Please restate, exactly as written, the lines running from the beginning of the material through the line that has "Листовка, обращающаяся к" in it.
>>>>>
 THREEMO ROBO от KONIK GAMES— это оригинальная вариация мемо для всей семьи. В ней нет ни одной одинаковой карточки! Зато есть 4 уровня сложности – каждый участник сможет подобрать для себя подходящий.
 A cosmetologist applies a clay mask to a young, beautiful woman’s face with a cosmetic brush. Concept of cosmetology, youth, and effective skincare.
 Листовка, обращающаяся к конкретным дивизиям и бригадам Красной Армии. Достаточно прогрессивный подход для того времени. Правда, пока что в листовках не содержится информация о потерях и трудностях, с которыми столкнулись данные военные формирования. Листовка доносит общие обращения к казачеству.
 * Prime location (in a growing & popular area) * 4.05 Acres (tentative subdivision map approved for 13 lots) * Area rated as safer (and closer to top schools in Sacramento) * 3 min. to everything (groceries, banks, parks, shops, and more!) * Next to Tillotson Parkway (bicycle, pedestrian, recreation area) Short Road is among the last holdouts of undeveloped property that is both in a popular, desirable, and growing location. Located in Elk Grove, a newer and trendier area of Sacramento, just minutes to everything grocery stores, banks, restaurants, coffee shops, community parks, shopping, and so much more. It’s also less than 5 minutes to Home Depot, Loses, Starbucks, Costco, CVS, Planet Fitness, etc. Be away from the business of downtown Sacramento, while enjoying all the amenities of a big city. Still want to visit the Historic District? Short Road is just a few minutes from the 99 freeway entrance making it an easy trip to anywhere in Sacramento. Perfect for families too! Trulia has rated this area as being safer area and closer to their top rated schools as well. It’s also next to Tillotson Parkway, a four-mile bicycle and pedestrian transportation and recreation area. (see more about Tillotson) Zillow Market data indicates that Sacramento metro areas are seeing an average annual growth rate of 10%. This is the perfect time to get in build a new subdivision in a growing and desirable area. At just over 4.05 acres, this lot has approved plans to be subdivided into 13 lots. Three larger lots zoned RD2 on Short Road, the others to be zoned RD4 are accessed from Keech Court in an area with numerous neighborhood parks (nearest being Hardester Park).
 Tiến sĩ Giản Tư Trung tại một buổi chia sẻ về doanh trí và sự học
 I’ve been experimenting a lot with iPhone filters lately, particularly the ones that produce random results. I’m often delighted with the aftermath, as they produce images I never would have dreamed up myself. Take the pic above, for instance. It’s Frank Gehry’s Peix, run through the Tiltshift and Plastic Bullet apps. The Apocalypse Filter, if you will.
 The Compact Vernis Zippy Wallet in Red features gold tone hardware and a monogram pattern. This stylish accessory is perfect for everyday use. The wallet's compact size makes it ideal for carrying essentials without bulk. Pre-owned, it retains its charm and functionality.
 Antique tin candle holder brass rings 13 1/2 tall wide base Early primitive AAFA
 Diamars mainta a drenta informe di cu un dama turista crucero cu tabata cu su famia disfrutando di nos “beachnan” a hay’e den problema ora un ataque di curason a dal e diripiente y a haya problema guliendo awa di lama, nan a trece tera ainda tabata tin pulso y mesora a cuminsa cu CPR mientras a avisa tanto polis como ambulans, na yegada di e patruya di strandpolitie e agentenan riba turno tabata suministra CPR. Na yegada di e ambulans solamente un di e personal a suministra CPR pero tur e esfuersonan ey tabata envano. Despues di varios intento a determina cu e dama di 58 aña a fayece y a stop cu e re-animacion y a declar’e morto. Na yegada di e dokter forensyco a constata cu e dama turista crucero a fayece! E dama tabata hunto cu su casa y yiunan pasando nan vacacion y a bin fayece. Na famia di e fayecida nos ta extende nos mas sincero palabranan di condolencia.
<<<<<
■ **SOLUTION**
 THREEMO ROBO от KONIK GAMES— это оригинальная вариация мемо для всей семьи. В ней нет ни одной одинаковой карточки! Зато есть 4 уровня сложности – каждый участник сможет подобрать для себя подходящий.
 A cosmetologist applies a clay mask to a young, beautiful woman’s face with a cosmetic brush. Concept of cosmetology, youth, and effective skincare.
 Листовка, обращающаяся к конкретным дивизиям и бригадам Красной Армии. Достаточно прогрессивный подход для того времени. Правда, пока что в листовках не содержится информация о потерях и трудностях, с которыми столкнулись данные военные формирования. Листовка доносит общие обращения к казачеству.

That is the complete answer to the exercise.